* [Aim of the exercise] From the material below, please set down exactly the lines starting with the one with "Round Immaculate Conception" and going on through the one with "السوشي هو من", without a single picture.

* [Input]

== Segment start ==

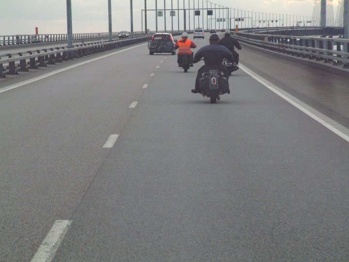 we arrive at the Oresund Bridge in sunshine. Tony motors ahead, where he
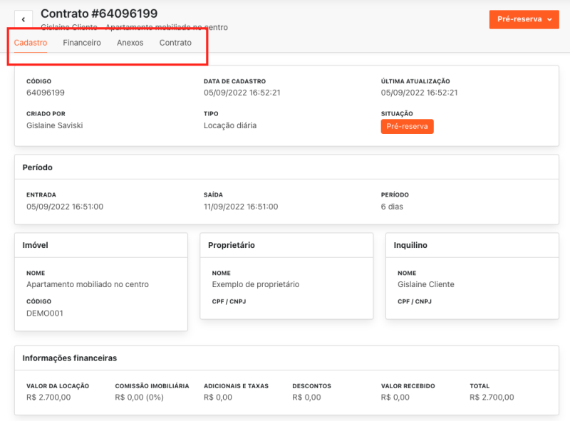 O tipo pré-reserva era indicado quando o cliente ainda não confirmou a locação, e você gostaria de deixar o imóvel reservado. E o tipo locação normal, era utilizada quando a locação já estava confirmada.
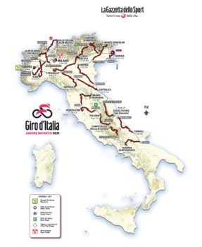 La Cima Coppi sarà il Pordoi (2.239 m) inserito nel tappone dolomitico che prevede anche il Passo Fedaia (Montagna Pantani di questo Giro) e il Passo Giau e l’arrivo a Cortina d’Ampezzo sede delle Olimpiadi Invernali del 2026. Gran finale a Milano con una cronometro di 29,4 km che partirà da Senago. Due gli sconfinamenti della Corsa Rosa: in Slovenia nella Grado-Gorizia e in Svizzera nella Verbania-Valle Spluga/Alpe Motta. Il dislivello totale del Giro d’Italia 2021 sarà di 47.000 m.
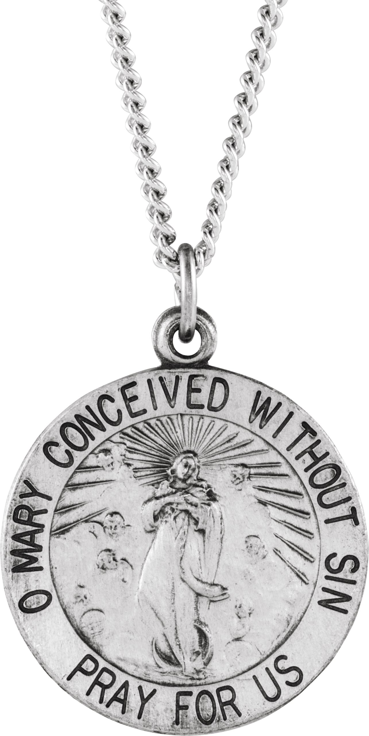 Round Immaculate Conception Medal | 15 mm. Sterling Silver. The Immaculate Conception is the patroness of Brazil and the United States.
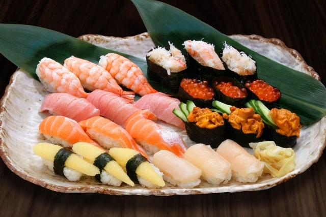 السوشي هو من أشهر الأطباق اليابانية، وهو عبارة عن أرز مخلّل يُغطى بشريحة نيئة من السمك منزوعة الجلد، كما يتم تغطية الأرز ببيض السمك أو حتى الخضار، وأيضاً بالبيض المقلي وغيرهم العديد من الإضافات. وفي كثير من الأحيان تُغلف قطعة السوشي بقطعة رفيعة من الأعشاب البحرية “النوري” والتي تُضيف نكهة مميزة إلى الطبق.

== Segment end ==
== Segment start ==

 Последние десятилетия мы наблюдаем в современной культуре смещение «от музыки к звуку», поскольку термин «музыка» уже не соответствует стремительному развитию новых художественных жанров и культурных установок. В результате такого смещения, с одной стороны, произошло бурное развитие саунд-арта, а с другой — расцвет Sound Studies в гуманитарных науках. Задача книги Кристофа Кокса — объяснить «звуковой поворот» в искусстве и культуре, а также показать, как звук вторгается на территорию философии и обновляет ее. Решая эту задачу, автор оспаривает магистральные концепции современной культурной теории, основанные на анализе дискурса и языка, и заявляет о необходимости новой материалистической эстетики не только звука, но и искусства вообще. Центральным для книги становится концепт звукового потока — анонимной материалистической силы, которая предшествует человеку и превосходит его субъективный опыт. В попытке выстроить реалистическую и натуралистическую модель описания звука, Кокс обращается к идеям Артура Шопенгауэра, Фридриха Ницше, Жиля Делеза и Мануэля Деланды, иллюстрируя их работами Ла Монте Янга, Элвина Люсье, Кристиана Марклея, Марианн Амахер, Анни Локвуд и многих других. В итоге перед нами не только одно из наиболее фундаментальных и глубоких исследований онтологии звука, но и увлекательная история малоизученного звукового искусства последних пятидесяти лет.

== Segment end ==

* [Response area]
 Round Immaculate Conception Medal | 15 mm. Sterling Silver. The Immaculate Conception is the patroness of Brazil and the United States.
 السوشي هو من أشهر الأطباق اليابانية، وهو عبارة عن أرز مخلّل يُغطى بشريحة نيئة من السمك منزوعة الجلد، كما يتم تغطية الأرز ببيض السمك أو حتى الخضار، وأيضاً بالبيض المقلي وغيرهم العديد من الإضافات. وفي كثير من الأحيان تُغلف قطعة السوشي بقطعة رفيعة من الأعشاب البحرية “النوري” والتي تُضيف نكهة مميزة إلى الطبق.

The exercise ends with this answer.